Personally, I grew up listening to the pop radio and James Blunt. When I wasn’t hearing that pop stuff, I was with my dad who would always have the classic rock radio on or some heavy music that he stashed away from my mom. However, the likes of Pink Floyd, Radiohead, and System of a Down were incapable of capturing my attention. It was The All American Rejects and good ol’ James Blunt that really caught my attention. Then came 6th grade. The transitional phase of my adolescence where I got expelled from public school and was forced to enter into a Catholic Private school to correct my angsty, erratic behavior. However, my gateway album enters long before my expulsion.

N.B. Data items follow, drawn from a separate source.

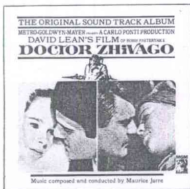
THE ORIGINAL SOUND TRACK ALBUM METRO-GOLDWYN-MAYER PRESENTS A CARLO PONTI PRODUCTION DAVID LEAN'S FILM OF BORIS PASTERNAK'S DOCTOR ZHIVAGO Music composed and conducted by Maurice Jarre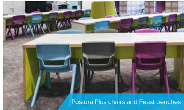
Postura Plus chairs and Feast benches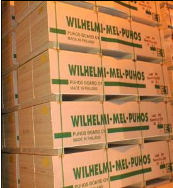
Pic. 7 Particle Boards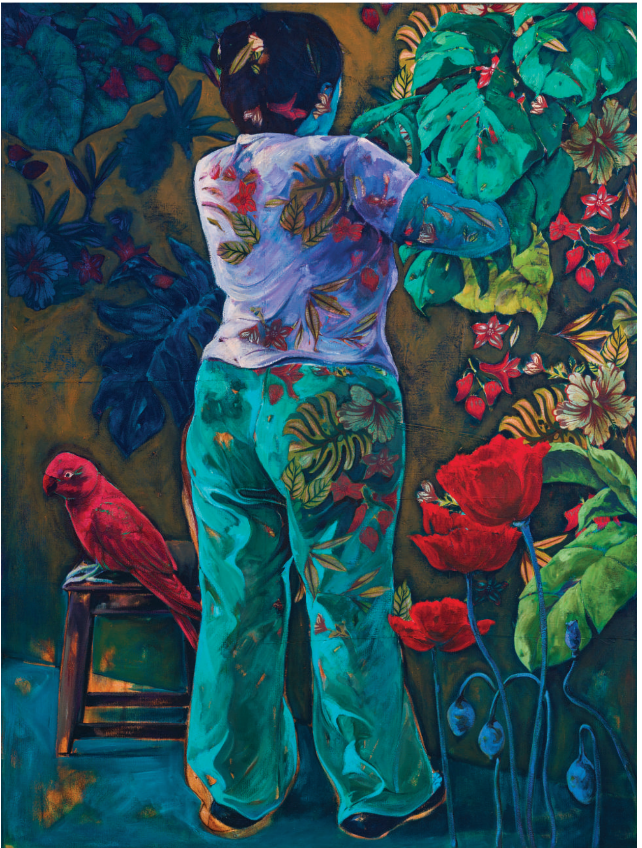
Title: Of Blue Leaves and Red Poppies Medium: Fabric collage, acrylics and charcoal on canvas Size: 36 x 48 inches Year: 2023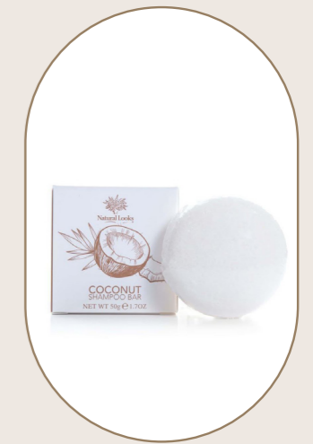
Coconut Shampoo Bar 50g - 1.7 oz

A fabulous shampoo with a fresh citrus fragrance in a convenient bar which is long lasting, easy to carry and won't leak or spill. Contains Dead Sea salt to absorb oils and add volume, perfect for hair that's oily or flat-looking.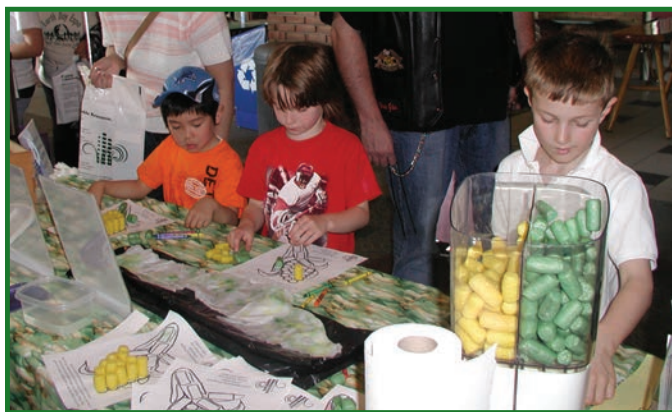
At the annual Earth Day Expo kids participated in an activity using Magic Nuudles. Magic Nuudles are a cornstarch based building block that were developed and commercialized from CMPM funding in Michigan.

Publications - In order to provide farmers and consumers with up-to-date information on the CMPM's activities and happenings within the corn industry, the organization releases several publications every year. In the past few years, three markets have emerged in Michigan that have generated much interest from both farmers and the public; these markets are ethanol, corn heat and corn-based plastics and clothing. The increased interest and demand for information has led the CMPM to create newsletters for each topic and to update them as needed. Copies of Heating with Corn, New Uses and Ethanol newsletters are available on the Michigan Corn website at www.micorn.org .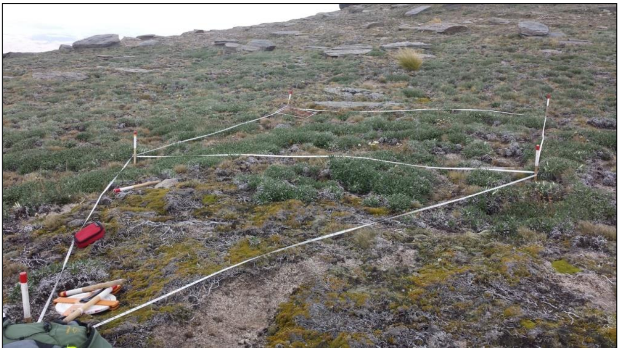
Species-area quadrat sampling in alpine herbfield on the Rock and Pillar Range, Otago.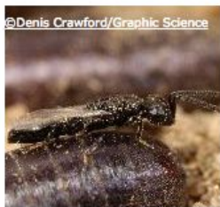
Spalangia - Parasitoid of nuisance flies Available in AUS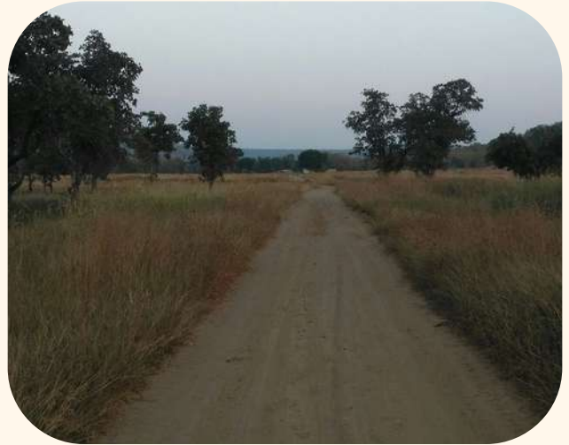
Kheoni Wildlife Sanctuary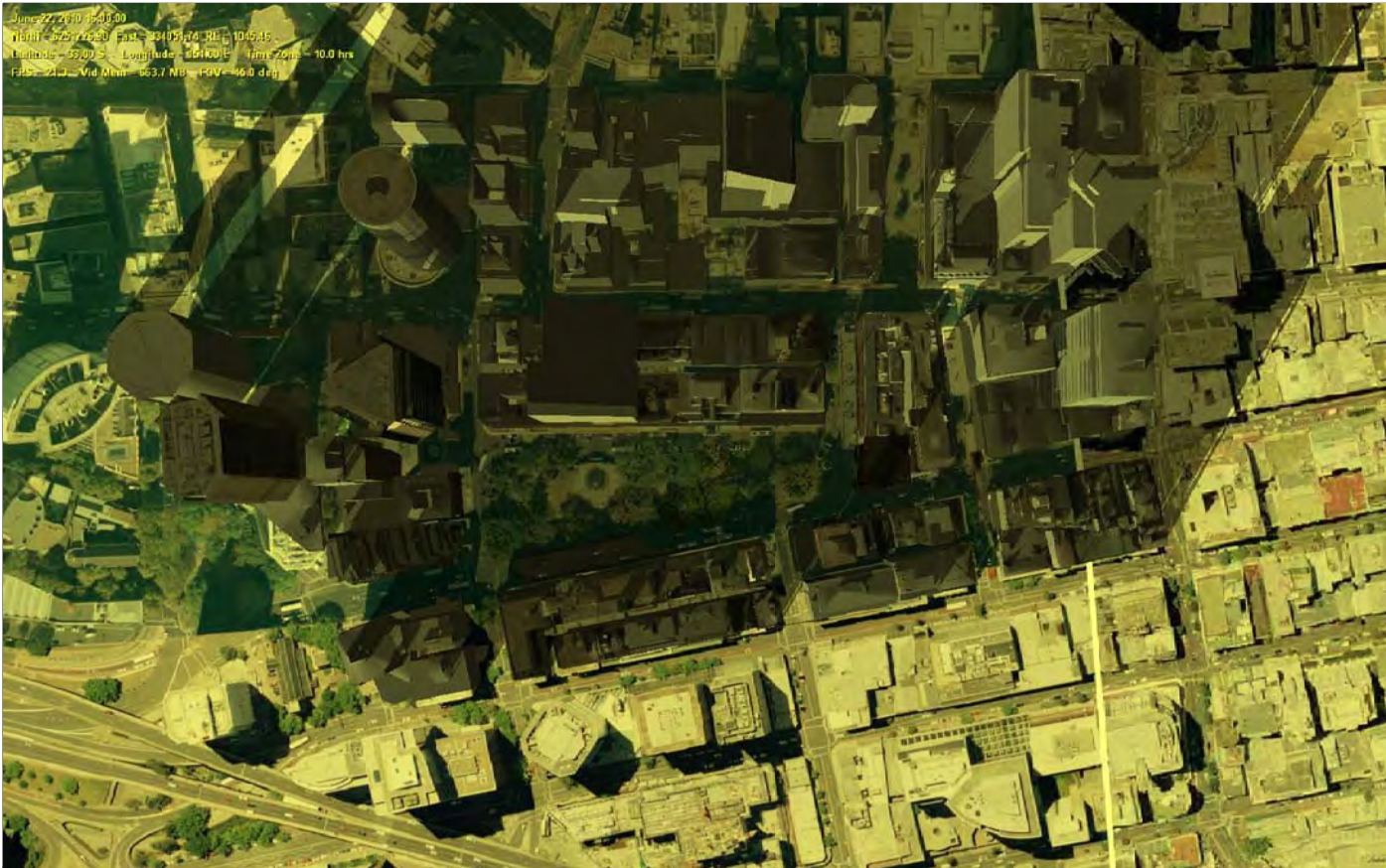
16:00:00 JUNE 22, 2010 SHADOW ANALYSIS FOLLOWING COMPLETION OF PROPOSED CITY ONE PROJECT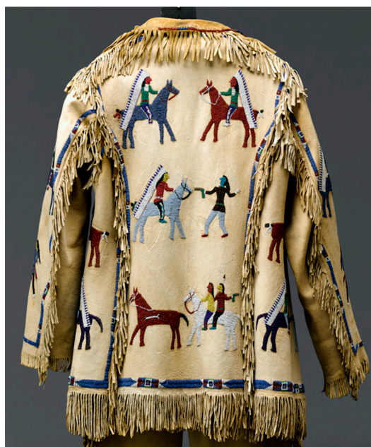
Figure 8. Regalia of Ithúnkasan Glešká. Detail of back (Figure 2b). Musée franco-américaine du château de Blérancourt.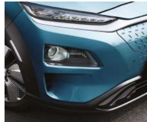
Closed Grille and Twin Headlight Design

Every destination needs a journey. Why settle for less when the Kona Electric is packed with innovative technology and striking design features, to get you there in comfort and style.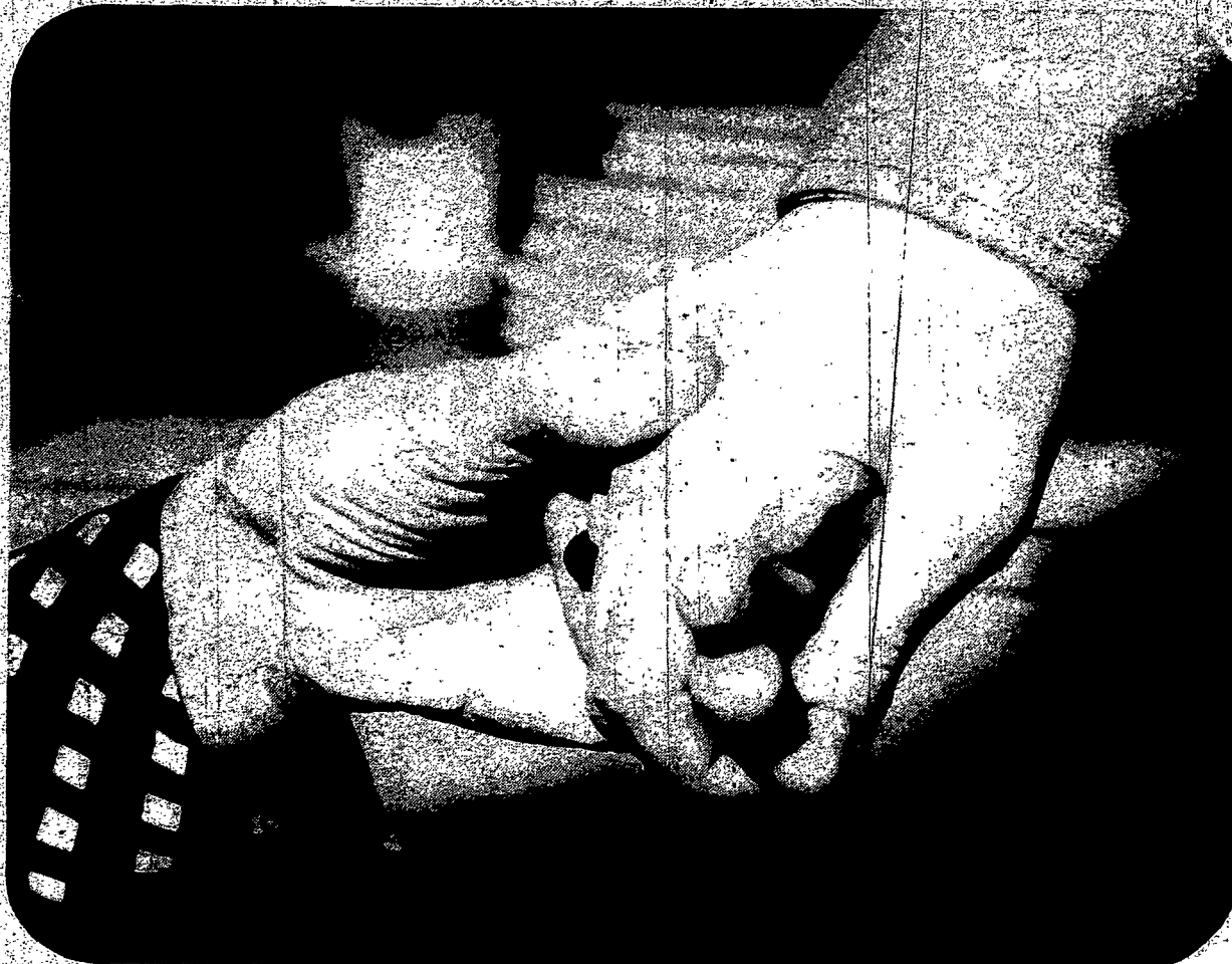
Friends bridge the generation gap

Anyway, one day, as I recall, my dad came home from work and was holding something in a plastic bag between the armpit of his left arm. My mom asked him what it was that he had and he quickly shoved the bag into his jacket and pretended that he had no idea what she was talking about. As I would come to find out, he had bought Linkin Park’s latest album, A Thousand Suns
Like with Pink Floyd, Radiohead, and System of a Down, I couldn’t quite wrap my head around the unorthodox sound of the album, but the electronic sound wasn’t something that sounded too unfamiliar. Even then, this did not at all sound like something that would enjoy any kind of mainstream success. However, it was more than just the sound of the album that didn’t seem right to me:
Screaming can actually be considered music" Didn’t my mom say rap is horrible and satanic" Well she must be a stupid liar because it’s nowhere near as bad as she says it is… although it did sound stupid anyway. Wait, but where’s the guitars" I think this sounds like a guitar but how can it still be considered rock without a guitar" Why is there gaps where the bad words should be" (Come to find out, my dad had unwittingly bought the clean version of the album). Perhaps the “fondest” memory that I have concerning this band at this time was when one day at Sunday School, one of the teachers, who happened to be really hot, was wearing a Linkin Park t-shirt that would be reserved for those subscribed to the LP Underground club.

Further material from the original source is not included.